The novel begins when Sarah, an 11-year-old wealthy white girl in Charleston, South Carolina, receives 10-year-old slave girl Hetty, or Handful, as her mother named her, as a birthday present—to her instinctive disgust. It follows the two women’s stories, in alternating chapters, as they grow up and face the evils of slavery. But The Invention of Wings is hardly simplistic, in literary or moral terms. Kidd skillfully, but not heavy-handedly, develops a set of images (water, birds, wings) and symbols (Handful’s thimble, Sarah’s button, Handful’s mother’s quilts, red thread) that weave together the narrative and bind together the book’s women: Handful and her mother, Handful and Sarah, Sarah and her sister Nina, Sarah and Quaker abolitionist Lucretia Mott.

Most striking, perhaps, is the finesse with which Kidd negotiates the minefield that is fiction about black and white women. This is not a novel where the black woman’s role in the story is to enable the white woman, nor is it a story that evades that powerful historical and fictional dynamic by relegating one or the other to its margins. Rather, Sarah and Handful each have their own stories, which entwine throughout, but never collapse into each other. Similarly, each has her own mother, and here too, Kidd eschews the easy way out. Sarah’s mother sticks to her white Southern slave-owner guns, impeding Sarah’s iconoclasm at every turn, yet showing the occasional, unpredictable hint of maternal compassion.

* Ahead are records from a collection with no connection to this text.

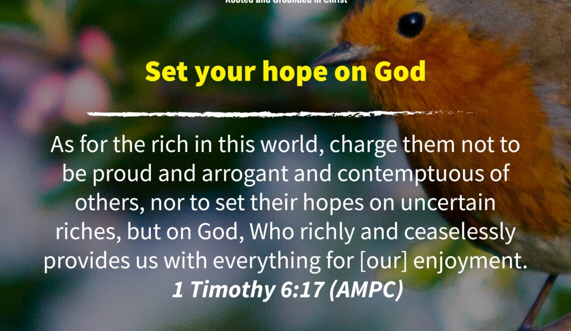 As for the rich in this world, charge them not to be proud and arrogant and contemptuous of others, nor to set their hopes on uncertain riches, but on God,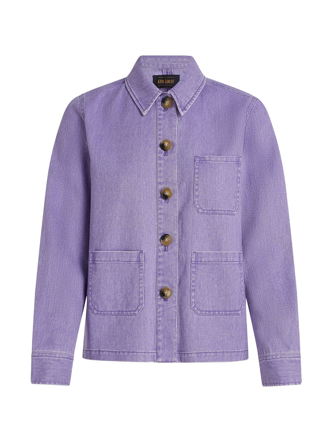 Dit lila denim jasje van King Louie is perfect als je outfit wel wat kleur kan gebruiken. De zachte paarse tint geeft meteen een frisse vibe en maakt elke look net wat leuker!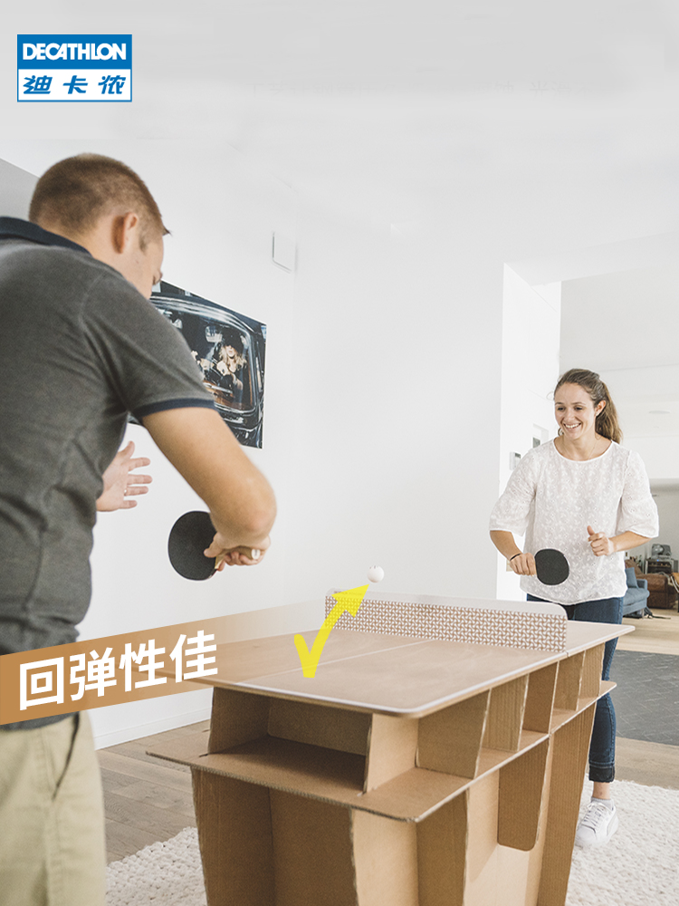 迪卡侬家用乒乓球桌纸桌子 IVE3,圆形桌角安全防撞,8mm厚度的桌面由高密度木材颗粒制成,回弹性佳。桌角和框架的硬度使桌子保持稳定,桌子的中央可以承受250公斤以上的重量。

Handful’s mother, Mauma, is the center of the novel, a stalwart figure of resistance and rebellion, who suffers for it.

The Invention of Wings is also a book about the power of language and texts: Handful’s secret reading lessons, Sarah’s stammer, slave passes, letters, lists of slaves, abolitionist and feminist pamphlets. In this book, words matter, whether they are creating personal opportunities and political movements or bringing down catastrophe. Words are also the stuff of history and fiction, and in its compelling story and language, The Invention of Wings offers one full-fledged realization of the possibilities of historical fiction. It plunges the reader wholly into the past, enlightening and entertaining us, while also making us reflect on our present, in history and in literature. icon

  1. Rachel Deahl, “William Morrow Finds Sleeper Hit in ‘Orphan Train,’Publishers Weekly, March 28, 2014.
  2. See David Shields, Reality Hunger (Knopf, 2010); Will Self, “The Novel Is Dead (This Time It’s For Real),” Guardian, May 2, 2014.